The exhibition takes its title from a line in the 1979 film Apocalypse Now, which in turn became a song by the Clash. Golden’s new paintings use photographs of American soldiers surfing during the Vietnam War as a visual reference, juxtaposed with found illustrations from retro Science Fiction. Influenced by Sontag’s 1965 essay ‘The Imagination of Disaster’, Golden explores cultural anxieties in relation to visual culture; by painting the ‘unthinkable’ – be it conflict, apocalypse or a long lost or imagined time-period – the artist exposes universal concerns of the human psyche.

Depictions of surfing, colonial exploration and the prehistoric provide visual references to the relationships between pleasure and ideology and man versus nature. In From the land of the new rising sun and Said, you’re gonna find the new world is smoulderin’, thrill-seeking surfers appear jarringly oblivious of a looming Jurassic landscape. Procession of the equinoxes and Analogous sequence in different parts depict riders surfing through apocalyptic hazes of reds and yellows, the figures barely visible within a seemingly uninhabitable climate. In Waiting for the axe to fall we perceive a faintly discernible anti-hero, sheltering below the blurred figure of an imposing dinosaur.

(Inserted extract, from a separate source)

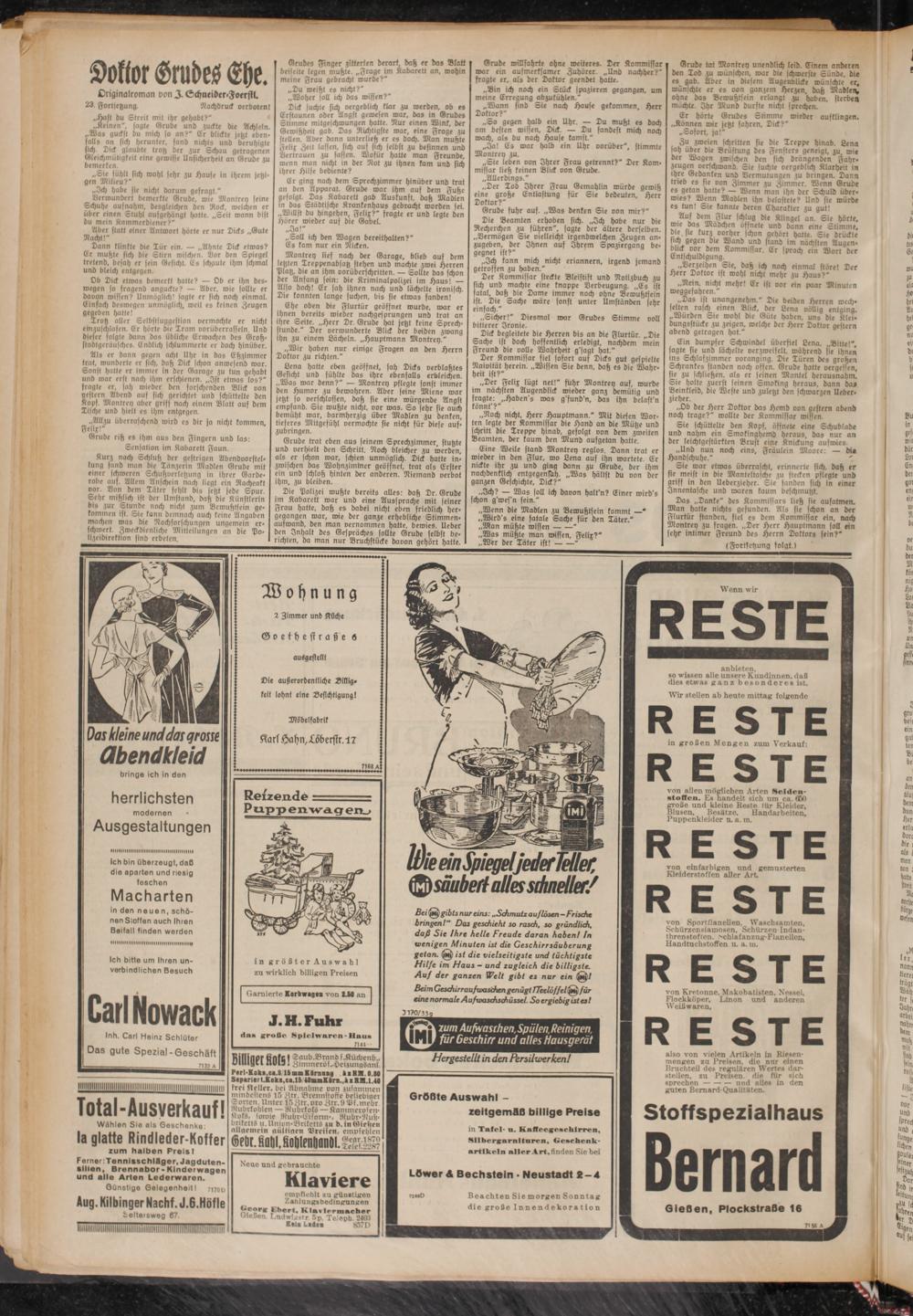 von allen möglichen Arten Neiden n(offen. Es handelt sich um ca. 6öO große und kleine Reste für Kleider, Blusen, Besätze, Handarbeiten, Puppenkleider u. a. m.

Utilising imagery from the 1920s through to the late 1970s, Golden’s cross-temporal watercolours are influenced greatly by the early film adaptation of Arthur Conan Doyle’s novel The Lost World (1925), and its intricately hand-painted sets Through her own time-travelling overview of visual culture, Golden questions how we posit value to an image, and what we inherit through popular culture. Her recent research into the traditions of botanical painting, for example, led her to apply this technique to explore the exaggerated use of plant imagery in dystopian science fiction from the 1950s.

The re-imagination of her source materials – film stills, photographs and illustrations – allow Golden to manipulate the viewer’s experience, uncovering hidden truths and revealing new narratives through her works.

Born in Chicago in 1959, Golden has lived and worked in the UK since 1989.

Golden has exhibited extensively for over 20 years throughout Europe and America, with solo shows including Good Morning Mister Williams, Marlborough Contemporary, London (2014); Auction Paintings, World Legend, Lisbon (2013); Love and Hysteria, Fondacion Elektra, Paris (2007-2008) and Nothing Personal, Gulbenkian Foundation, Lisbon (2004). She studied at the School of the Art Institute of Chicago between 1974-78, returning to complete an MFA in 1984, and recently received a Certificate of Botanical Art at The English Gardening School.